You turn the motor on and off with the VFD controls, of course. Either the ones on the VFD, or remote ones you wire up. 

In my case, I had to do it like that. The mill has multiple 3ph motors running full time.  I use the drum switch to reverse the spindle. If I used the VFD to reverse, the table controls would be backwards, too.


----------



## Gaffer (Aug 11, 2020)

Thanks, hman. I ran more conduit tonight. I have to run one last leg down the wall where the VFD will reside. I hope to have this done by the weekend. Then I’ll have to study how to wire and program the inputs to the VFD. I don’t have a good handle that part but I’ve yet to really dive into it.


Sent from my iPhone using Tapatalk


----------



## DavidR8 (Aug 11, 2020)

Reach out to @mksj. 
He was a tremendous help to me when I set mine up. 

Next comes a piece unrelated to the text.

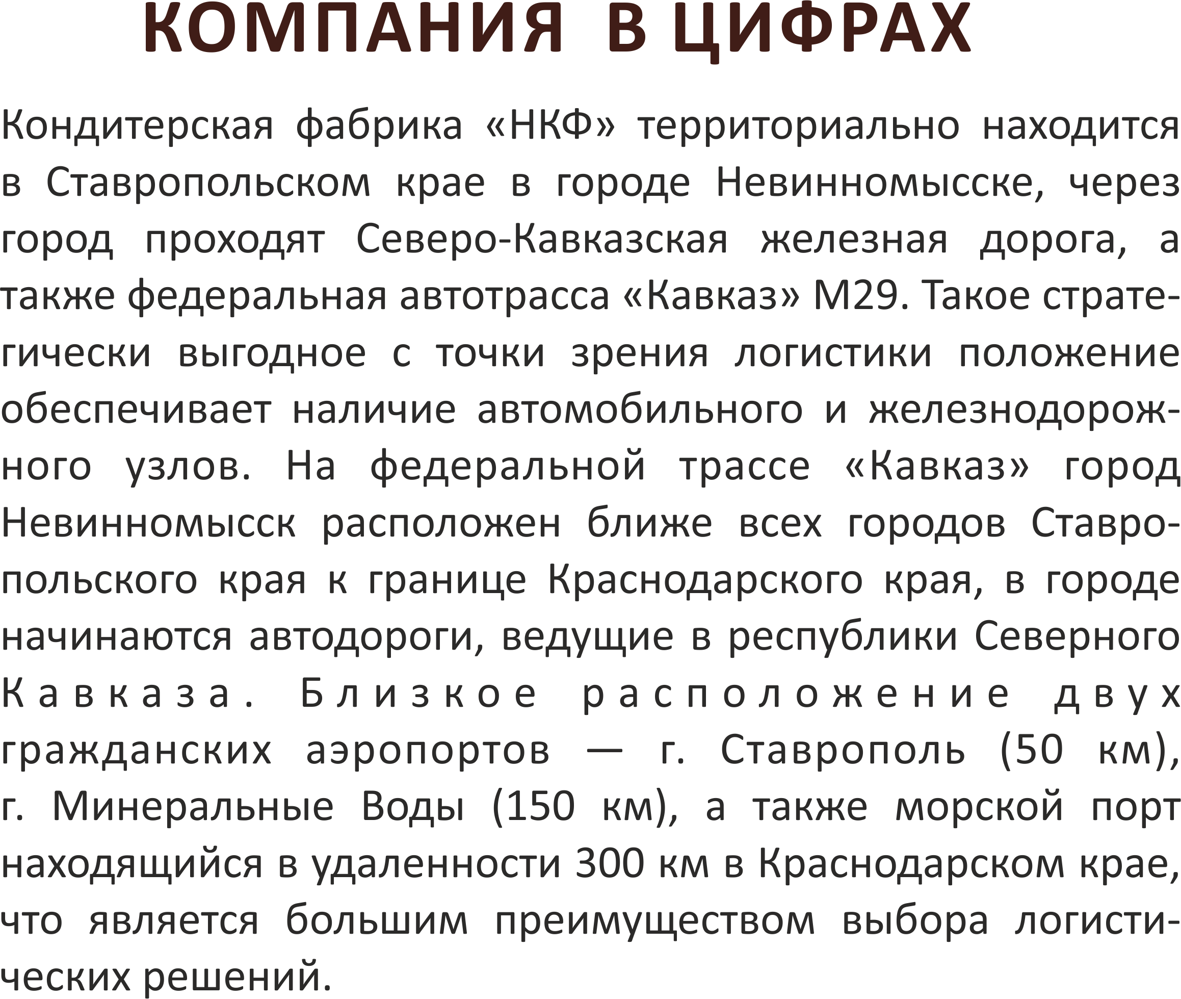 Кондитерская фабрика ООО «НКФ» — это современное российское предприятие в Северо-Кавказском федеральном округе, которое производит широкий ассортимент кондитерских изделий. Постоянный поиск новых направлений развития, совершенствование и оптимизация рецептур и технологии производства позволяет нам ежегодно расширять ассортимент продукции. Кондитерская фабрика ООО «НКФ» занимается производством и реализацией высоко-качественных кондитерских изделий. Продукция производится по советским рецептурам, прославившимся качеством на весь мир, технология производства держится в секрете, и передается из поколения в поколения. При производстве нашей продукции используется новейшее оборудование. Упаковка кондитерских изделий производится в современные безопасные материалы. Ассортимент продукции насчитывает свыше 70-ти видов кондитерских изделий. Мы регулярно участвуем в профильных выставочных мероприятиях на территории России, Европы, стран Ближнего Востока и Азии.
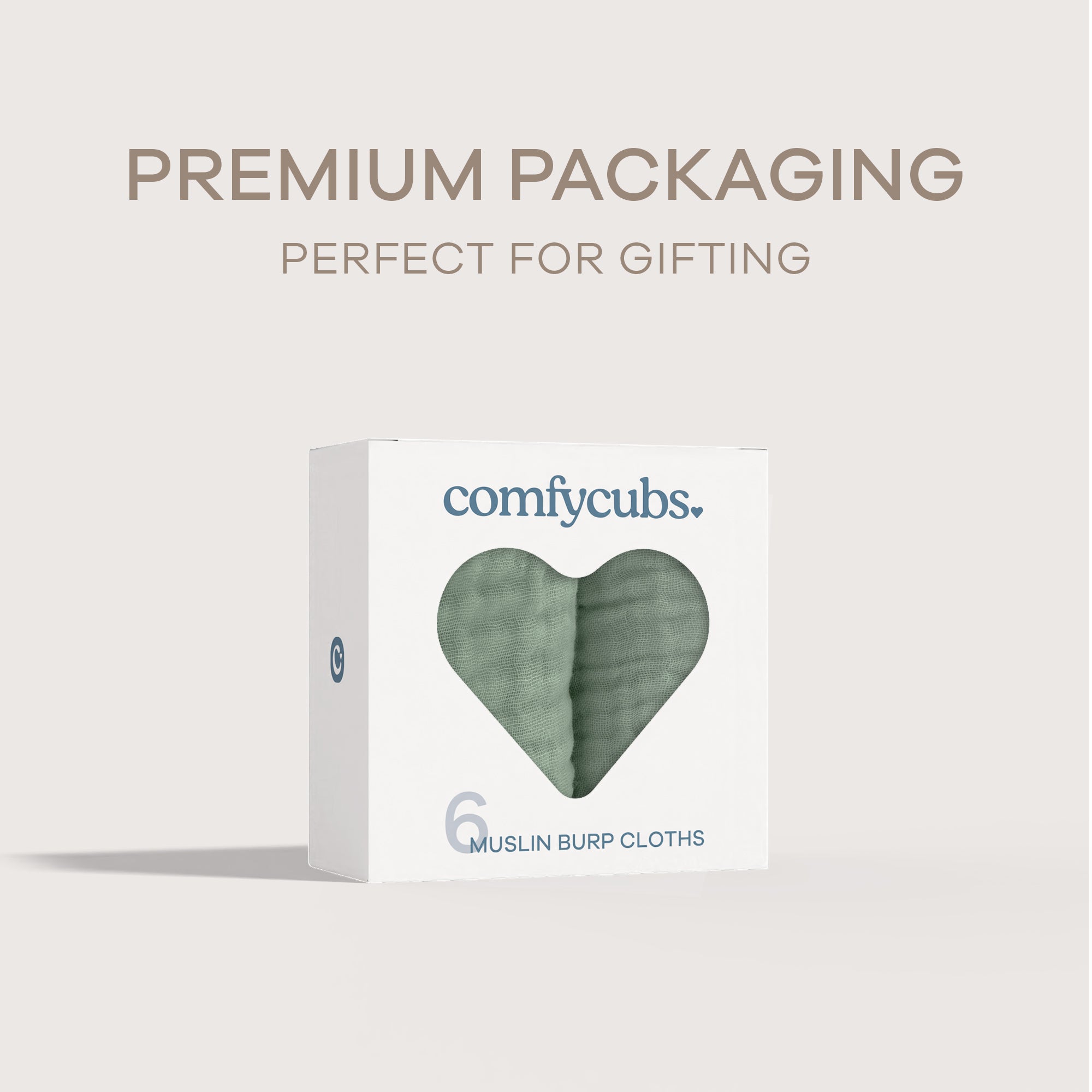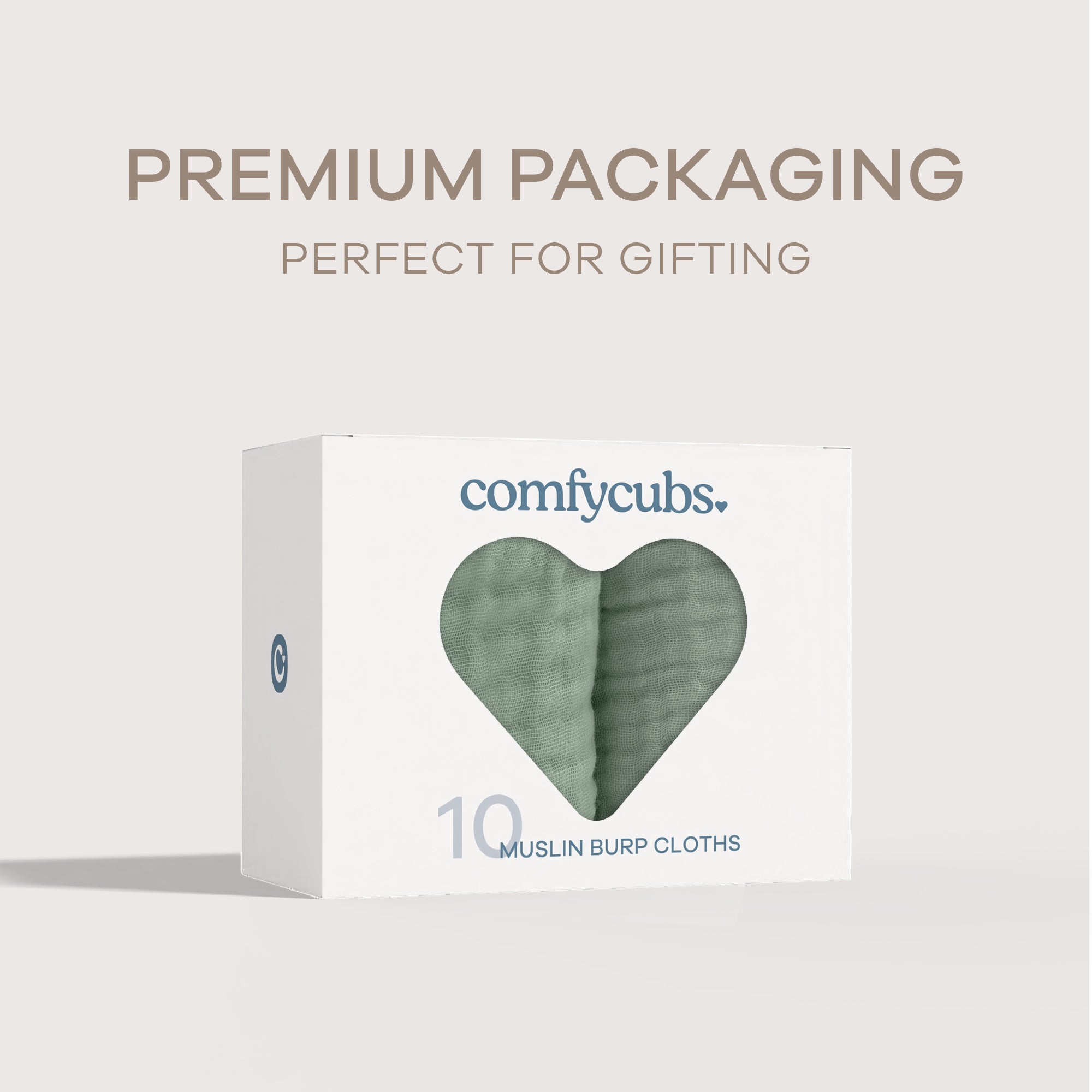 • Beautiful Gift Packaging: Our Comfy Cubs muslin burp cloths come in stunning gift packaging, making them super giftable and the perfect newborn or baby shower gift for new parents. There's no need to gift wrap, just shop and gift or add them to the baby registry. They are perfect for both girls and boys.

Sent from my iPhone using Tapatalk


----------



## JimDawson (Aug 12, 2020)

I put mine in place of the original switch.  I was used to reaching up into that area to control the spindle.




In the new version when I went to direct drive, I mounted the VFD on the back of the electrical panel and put the controls on the head.


----------



## ddickey (Aug 12, 2020)

I mounted mine on the access panel on the side of the knee column.


----------



## hman (Aug 12, 2020)

RandyWilson said:


> You turn the motor on and off with the VFD controls, of course. Either the ones on the VFD, or remote ones you wire up.
> In my case, I had to do it like that. The mill has multiple 3ph motors running full time.  I use the drum switch to reverse the spindle. If I used the VFD to reverse, the table controls would be backwards, too.


OK, I can see how you need to set yours up that way.  Not the best practice, but you gotta do what you gotta do.  My major concern with an arrangement like that would be my "instinctive" wanting to reach for the mill switch, especially if in a hurry


----------